Export statements (parquet → CSV)

Trigger: Part of make() or explicit call

Freshness check: Skip if exports/statements > (statements/last_updated, journal/last_updated)

Auto-flush: Calls ensure_flush() to flush journal if journal/last_flushed < journal/last_updated

Process:

Query all statements via DuckDB
Write sorted, deduplicated CSV to exports/statements.csv

Side effects:

Sets exports/statements tag

Export entities (parquet → JSON)

Trigger: Part of make() or explicit call

Freshness check: Skip if exports/entities_json > (statements/last_updated, journal/last_updated)

Auto-flush: Calls ensure_flush() to flush journal if needed

Process:

Query parquet store
Aggregate statements into entities
Write to entities.ftm.json

Side effects:

Sets exports/entities_json tag

Export statistics

Trigger: Part of make() or explicit call

Freshness check: Skip if exports/statistics > (statements/last_updated, journal/last_updated)

Auto-flush: Calls ensure_flush() to flush journal if needed

Process:

Compute entity counts, schema distribution from parquet store
Write versioned exports/statistics.json

Side effects:

Sets exports/statistics tag

Export index

Trigger: Explicit call by tenant

Process:

Ensure flush if needed
Optionally export statements.csv, entities.ftm.json, statistics.json
Create index.json with dataset metadata and resource links
Store versioned copy

Crawl operation

Batch file ingestion from a source location.
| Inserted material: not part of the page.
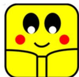
すいぼん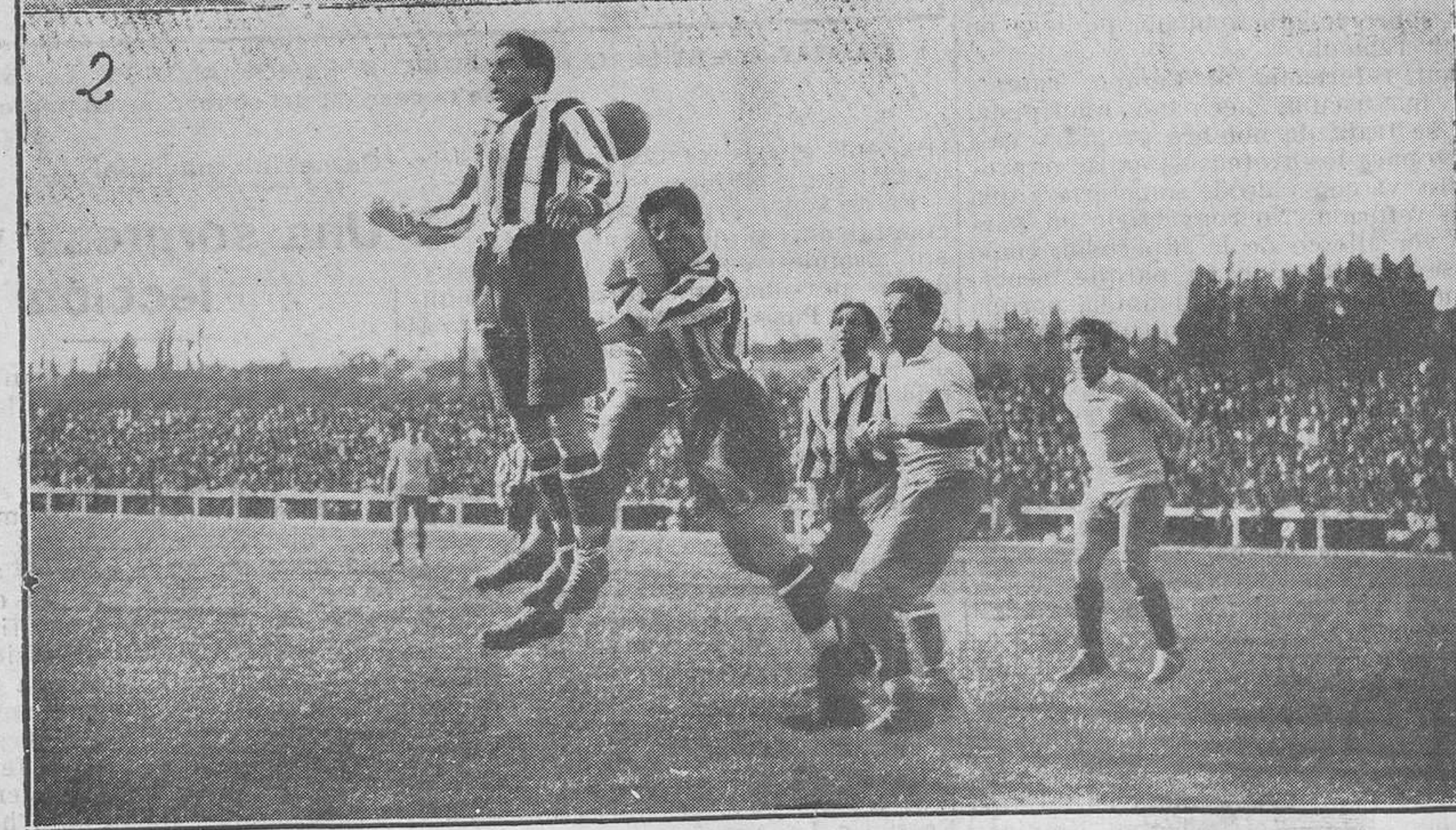
MADRID: DEL PARTIDO DE FUTBOL JUGADO ENTRE EL EQUIPO DEL URUGUAY Y LA SELECCIÓN DEL ATHLETIC.—(1) El equipo del Uruguay. (2) Un momento del partido.

sucitarlas, pero las gestiones fracasaron.

Input: Source URI, optional filters (prefix, glob, exclude patterns)

Process:

Create CrawlJob record
Iterate source files matching filters
For each file:
Skip if exists and skip_existing=True
Archive file (sets archive/last_updated)
Create Document entity
Write to journal (sets journal/last_updated)
Update job statistics

Side effects:

Sets archive/last_updated tag (per file)
Sets journal/last_updated tag (per file)
Sets operations/crawl/last_run tag
Creates job run record

Dependency chain

flowchart TD
    A[Tenant writes entities] --> B[(Journal)]
    A2[Tenant archives files] --> AR[(Archive)]
    AR -.-> T0[archive/last_updated]
    AR --> |"create Document"| B

    B --> |"flush()"| C[(Parquet Store)]
    B --> |"flush()"| SC[(Translog)]
    SC --> |"timestamps + deletes"| C
    C --> |"export_statements()"| D[statements.csv]
    C --> |"export_entities()"| E[entities.ftm.json]
    C --> |"export_statistics()"| F[statistics.json]
    F --> |"export_index()"| G[index.json]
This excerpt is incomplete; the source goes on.